Based on my reading of the "QSI Technical Report on PowerGuard", including the Addendum issued January 1999, QSI's testing indicated that voltage spikes from ZWs were less severe and of shorter duration than those of newer transformers and therefore, it can be presumed that circuit board lives would be longer and there would be fewer catastrophic failures of boards when power is supplied from these older transformers.

My personal opinion is that the issue was overblown last year. Two factors are primary in failing boards. One, the strength and duration of the voltage spikes from a transformer, and two, the design of the circuit board to handle these higher voltage spikes.

Quality conrol on boards is probably the biggest issue. Even if designed well failures of boards will occur from time to time based on defective parts or parts supplied for boards that do not meet the requirements of their design. This is a fact of life in balancing quality control and cost control. I think most manufacturers are trying to minimize part defects by purchasing their boards from suppliers with good quality programs.

Other than a few transformers, such as the MTH Z-750, most new or old transformers should not cause a problem.

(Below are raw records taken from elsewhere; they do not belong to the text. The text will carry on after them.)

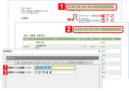 用紙2ページ目以降(明細ページ)上部に印刷される印刷物のタイトルを、最大16文字で入力します。 |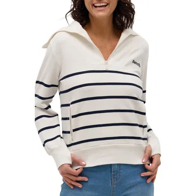 The Nara Half-Zip Stripe Pullover by Bench blends style and functionality for casual wear. Featuring a sophisticated funnel neck with a half-zip, it's versatile for various seasons. Its timeless striped design ensures wardrobe longevity, while dropped shoulders offer a relaxed fit. Ribbed cuffs and waistband enhance comfort, with thumbholes and a kangaroo pocket adding practicality. Ideal for errands or casual outings, this sweater epitomizes modern style and functionality. Funnel neck with half-zip Striped design Ribbed cuffs with thumbholes Kangaroo front pocket Dropped shoulders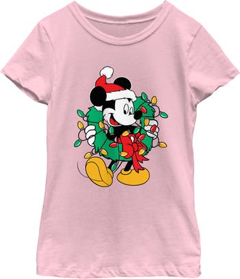 - Strut your stuff with this stylish new Christmas girls' tee that is perfect for the holidays! Featuring the adorable Mickey Mouse holding a Christmas wreath that is decorated in colorful bulbs.

Two years ago I added TMCC to my main layout which is powered by old Lionel ZWs and now run most of the time in command mode. The sparks generated from my derailments in command mode are much more spectacular then previously in conventional mode since I usually have a higher voltage going to the track when the derailment occurs. I have never had a board failure. I use my newer transformers (all Lionel) to power my floor layouts and have also never had a board failure.

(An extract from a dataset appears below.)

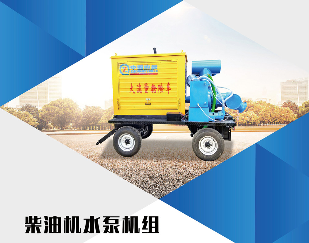 大流量节能拖挂式防洪抢险泵车使用柴油机带动自吸泵:该泵组集自吸和无堵塞排污于一体,采用柴油机驱动轴向回流外混式,并通过泵体、叶轮流道的设计,使用时不需要安装底阀和灌引水。泵组可吸排含有大颗粒固体和长纤维杂质液体,可广泛适用于市政排污及防涝工程、农业灌溉等。该泵组具有结构简单、自吸性能好、排污能力强、节能、使用维修方便、一体式户外型可移动设计等特点。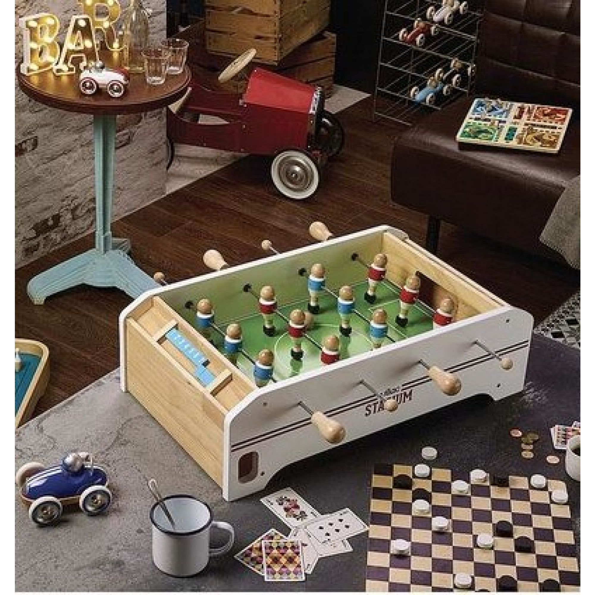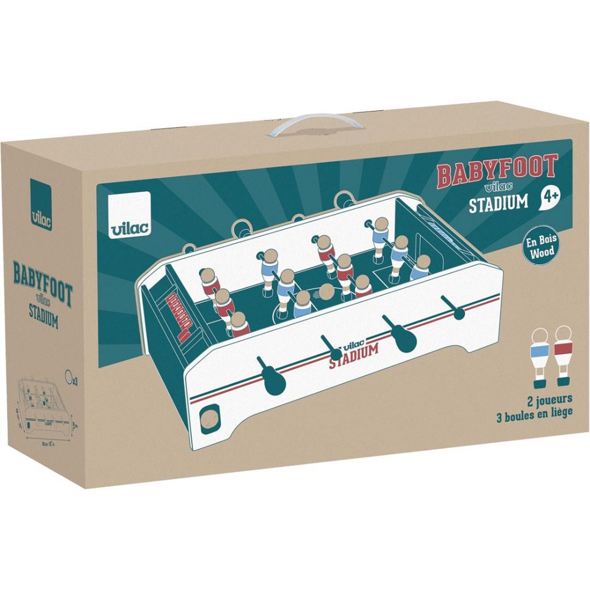 Découvrez le babyfoot stadium en boisde la marque française Vilac, un joli babyfoot de table enfant à poser pour des parties de foot à partir de 4 ans. Les petits et grands enfants vont adorer marquer des buts sur ce babyfoot enfant.

I contacted Lionel last year on the issue of voltage spikes from newer transformers. They indicated that they had not seen evidence of these spikes causing any problems to their boards, on the contrary, they indicated that I should invest in a fast circuit breaker, like the ones that are supplied on all new transformers, because the old thermal breakers on my old ZWs are slow and may cause board failures due to current overloads due to shorts.

To date I have incorporated neither a voltage surge suppressor or a fast circuit breaker and I have still had no problems.

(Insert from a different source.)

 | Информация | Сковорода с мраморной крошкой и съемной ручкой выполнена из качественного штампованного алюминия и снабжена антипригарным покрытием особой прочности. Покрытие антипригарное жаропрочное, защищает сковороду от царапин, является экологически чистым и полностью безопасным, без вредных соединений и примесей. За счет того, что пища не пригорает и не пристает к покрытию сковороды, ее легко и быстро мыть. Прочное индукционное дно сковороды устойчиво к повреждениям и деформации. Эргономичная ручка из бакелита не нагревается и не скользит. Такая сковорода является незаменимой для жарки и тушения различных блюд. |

However, if you are still concerned, I believe you can still purchase the Powergaurd from QSI (You could think of it as an insurance policy). Also, you should be able to purchase the old QSI report from QSI. It was previously advertised for $15.00 on their website when I purchased it last year.

Regards,

Tim Pignatari

A penny saved is a penny earned. But every once in a while it is good to treat yourself to a gum ball.

  • Member since
    January, 2002
  • From: Western Pennsylvania
  • 687 posts
Posted by prewardude on Sunday, August 25, 2002 10:38 PM
Thanks for the info,Tim ! At least I know I'm not alone in this.
  • Member since
    April, 2003
  • 302,230 posts
Posted by Anonymous on Friday, September 13, 2002 3:06 PM
Knowing what the new trannies are like, I am sticking to Postwar trannies. My main ones are a couple of "V" transformers. Reliable stuff!